= WHAT THE EXERCISE ASKS =
Taking the entries below, transcribe only the lines starting with the one with "안쪽에 얇은 합판 끼울 라인 맞춰서 조립을 해줍니다." and going on through the one with "Dvouvrstvá fleecová čepice", exactly as written, without the pictures.

BEGIN RECORDS FOR THIS EXERCISE

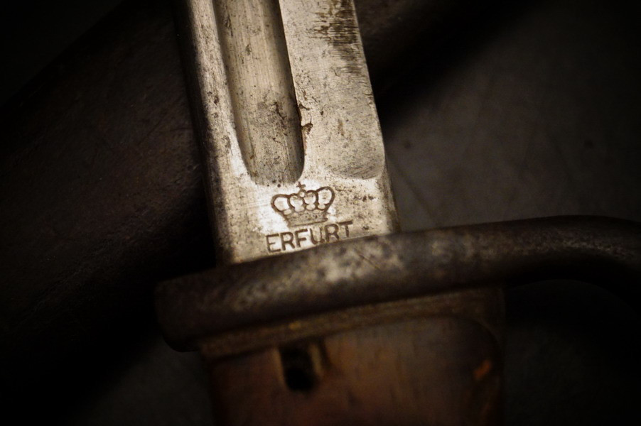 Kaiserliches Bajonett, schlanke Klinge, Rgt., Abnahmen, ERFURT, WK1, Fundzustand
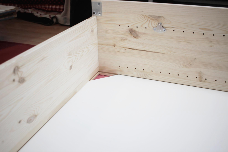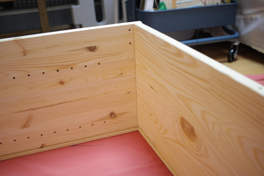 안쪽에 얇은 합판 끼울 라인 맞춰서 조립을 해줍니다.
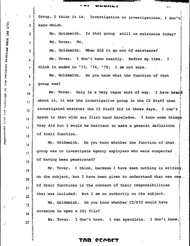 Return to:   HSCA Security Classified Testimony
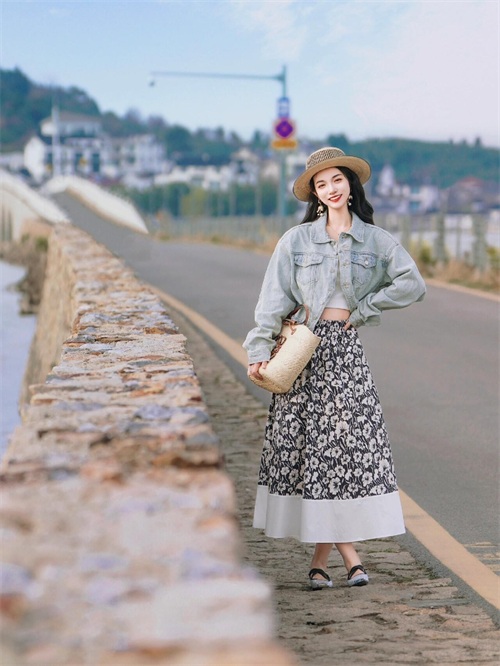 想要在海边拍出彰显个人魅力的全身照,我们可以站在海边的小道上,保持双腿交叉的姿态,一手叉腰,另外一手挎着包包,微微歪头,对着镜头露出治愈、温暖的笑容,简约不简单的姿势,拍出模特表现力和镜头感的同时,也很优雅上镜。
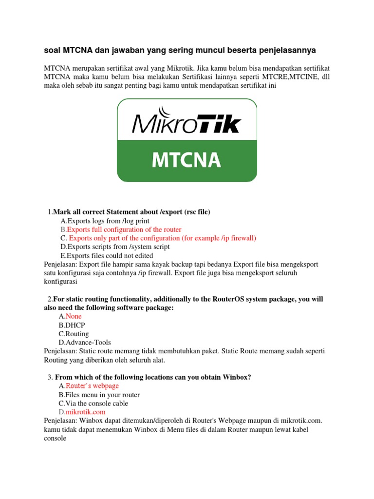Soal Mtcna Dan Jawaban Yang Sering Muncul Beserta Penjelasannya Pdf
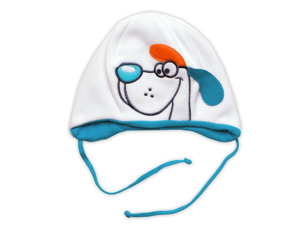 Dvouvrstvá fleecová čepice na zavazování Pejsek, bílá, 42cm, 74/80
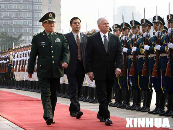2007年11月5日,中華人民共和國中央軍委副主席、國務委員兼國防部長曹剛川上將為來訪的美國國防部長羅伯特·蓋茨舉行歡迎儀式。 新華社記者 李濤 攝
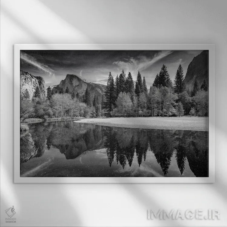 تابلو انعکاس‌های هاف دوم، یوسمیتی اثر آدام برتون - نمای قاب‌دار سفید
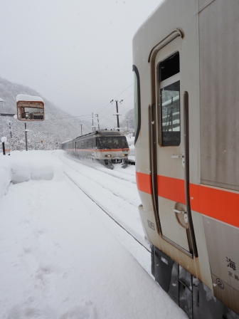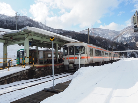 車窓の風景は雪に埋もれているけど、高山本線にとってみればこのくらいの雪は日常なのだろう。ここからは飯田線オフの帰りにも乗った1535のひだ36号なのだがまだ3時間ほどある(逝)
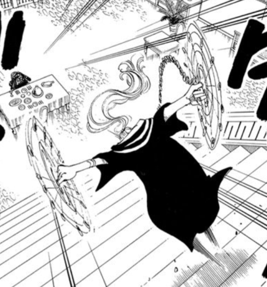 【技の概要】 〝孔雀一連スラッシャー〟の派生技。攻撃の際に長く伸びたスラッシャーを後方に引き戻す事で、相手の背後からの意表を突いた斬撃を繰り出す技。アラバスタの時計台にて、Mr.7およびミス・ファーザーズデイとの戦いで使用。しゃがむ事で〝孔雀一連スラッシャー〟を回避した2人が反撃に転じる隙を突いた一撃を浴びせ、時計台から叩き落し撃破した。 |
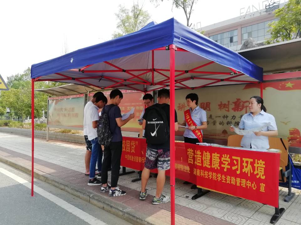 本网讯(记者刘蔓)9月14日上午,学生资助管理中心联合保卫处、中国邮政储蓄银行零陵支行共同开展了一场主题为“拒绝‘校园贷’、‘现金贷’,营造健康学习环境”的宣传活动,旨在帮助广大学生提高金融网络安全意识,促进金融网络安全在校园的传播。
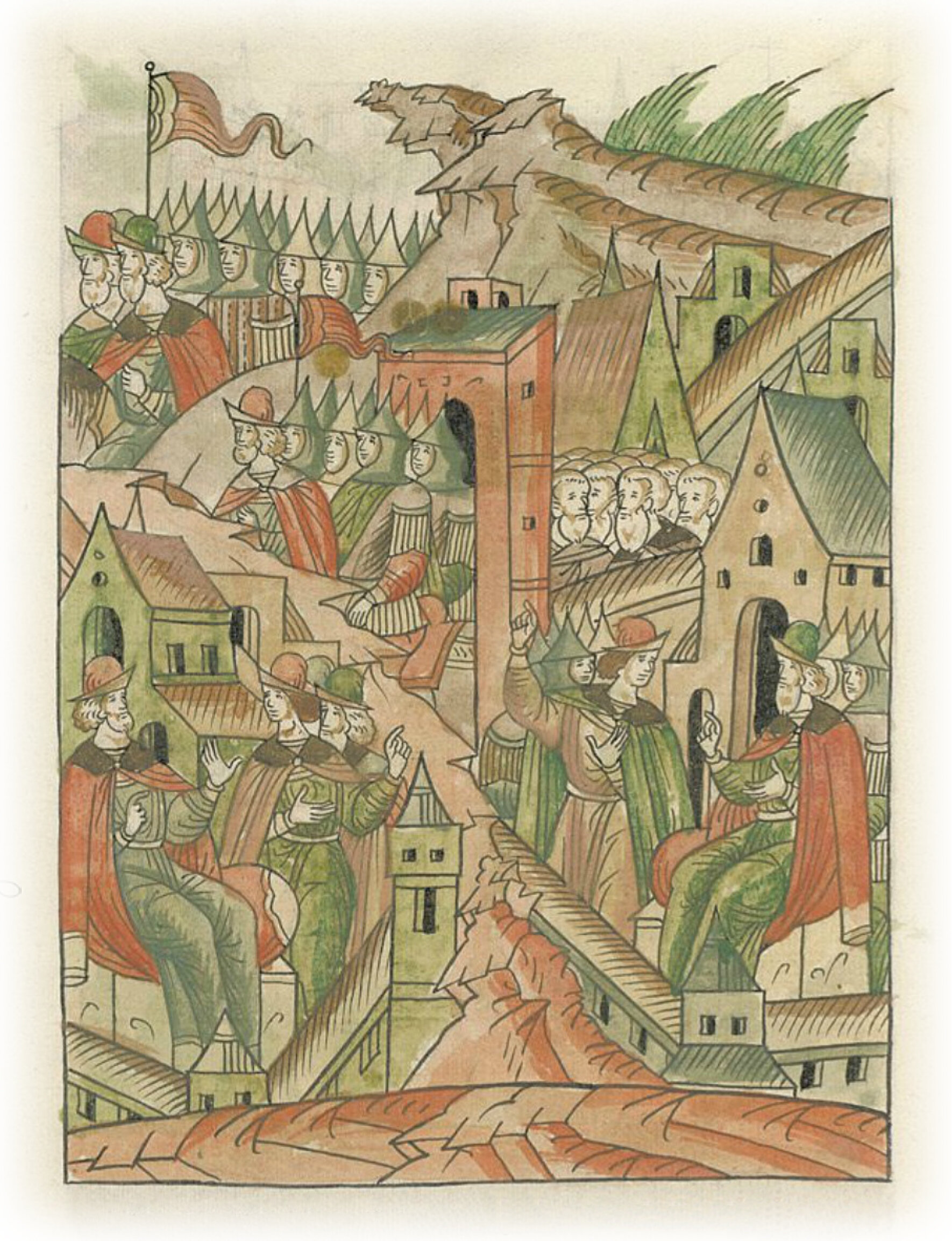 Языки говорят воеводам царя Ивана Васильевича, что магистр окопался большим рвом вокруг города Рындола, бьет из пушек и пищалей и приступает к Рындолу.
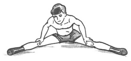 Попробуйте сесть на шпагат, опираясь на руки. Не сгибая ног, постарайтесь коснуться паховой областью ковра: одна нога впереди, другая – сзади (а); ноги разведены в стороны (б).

END RECORDS FOR THIS EXERCISE

= EXPECTED ANSWER =
 안쪽에 얇은 합판 끼울 라인 맞춰서 조립을 해줍니다.
 Return to:   HSCA Security Classified Testimony
 想要在海边拍出彰显个人魅力的全身照,我们可以站在海边的小道上,保持双腿交叉的姿态,一手叉腰,另外一手挎着包包,微微歪头,对着镜头露出治愈、温暖的笑容,简约不简单的姿势,拍出模特表现力和镜头感的同时,也很优雅上镜。
Soal Mtcna Dan Jawaban Yang Sering Muncul Beserta Penjelasannya Pdf
 Dvouvrstvá fleecová čepice na zavazování Pejsek, bílá, 42cm, 74/80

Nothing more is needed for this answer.